> [What is being asked]: Go to the line holding "Съемник масляного фильтра" in the data below. Return it and each line after it through the last, exactly, and skip the pictures.

> [Source material]:
+++++
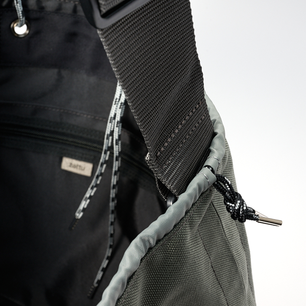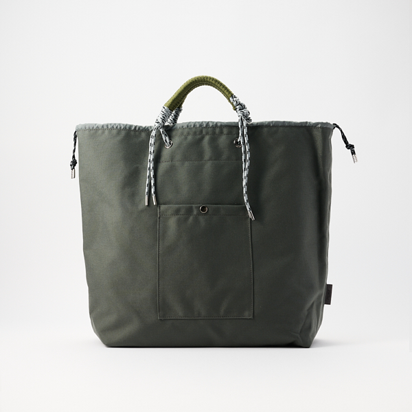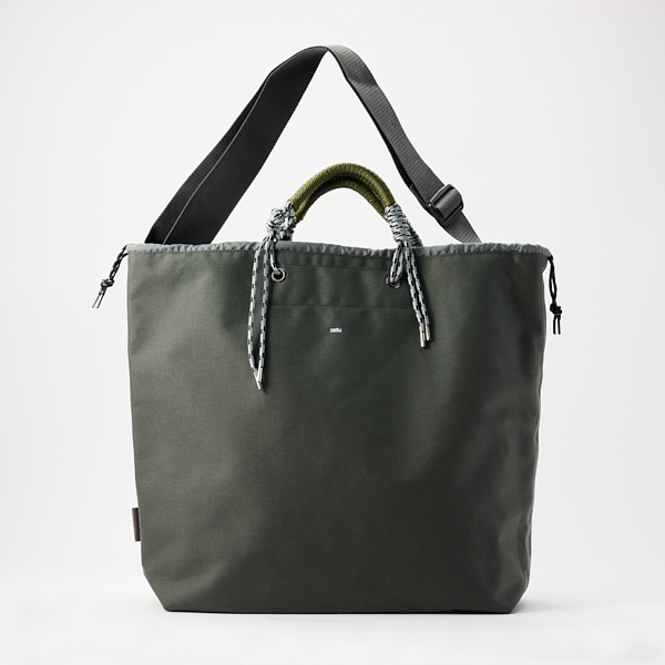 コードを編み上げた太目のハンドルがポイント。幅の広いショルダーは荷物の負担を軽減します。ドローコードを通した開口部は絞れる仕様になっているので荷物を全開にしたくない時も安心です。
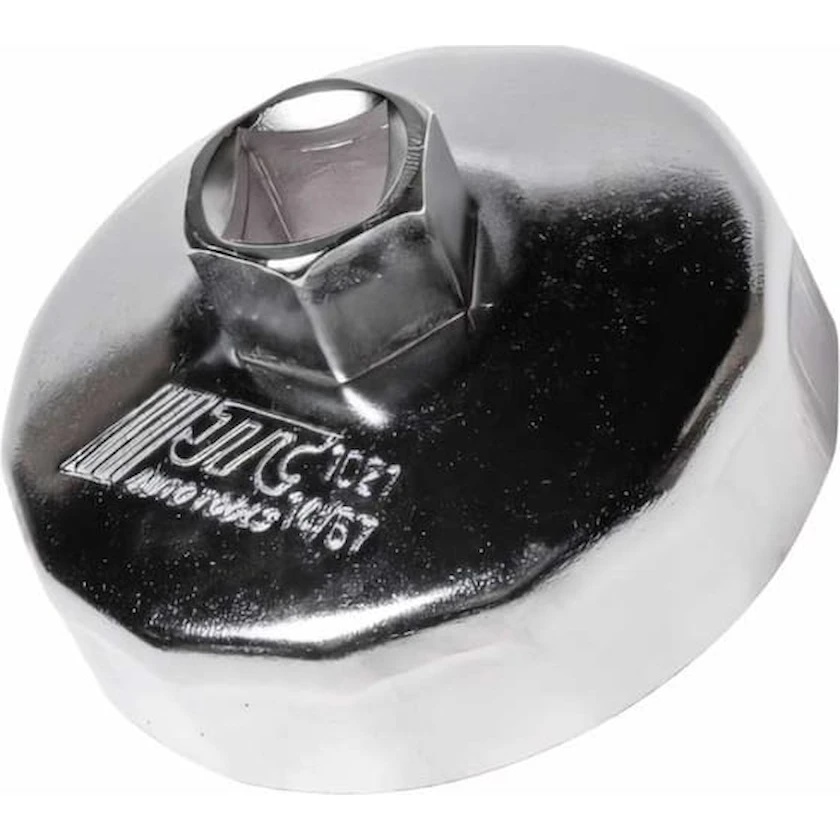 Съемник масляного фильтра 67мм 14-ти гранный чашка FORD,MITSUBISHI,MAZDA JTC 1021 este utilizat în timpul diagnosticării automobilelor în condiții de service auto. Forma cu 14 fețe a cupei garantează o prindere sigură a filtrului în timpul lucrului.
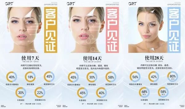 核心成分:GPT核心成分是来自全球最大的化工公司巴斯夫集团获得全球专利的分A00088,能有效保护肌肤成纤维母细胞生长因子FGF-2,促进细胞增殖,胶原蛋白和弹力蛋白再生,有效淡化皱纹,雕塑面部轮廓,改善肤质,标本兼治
+++++
> [Problem solution]:
 Съемник масляного фильтра 67мм 14-ти гранный чашка FORD,MITSUBISHI,MAZDA JTC 1021 este utilizat în timpul diagnosticării automobilelor în condiții de service auto. Forma cu 14 fețe a cupei garantează o prindere sigură a filtrului în timpul lucrului.
 核心成分:GPT核心成分是来自全球最大的化工公司巴斯夫集团获得全球专利的分A00088,能有效保护肌肤成纤维母细胞生长因子FGF-2,促进细胞增殖,胶原蛋白和弹力蛋白再生,有效淡化皱纹,雕塑面部轮廓,改善肤质,标本兼治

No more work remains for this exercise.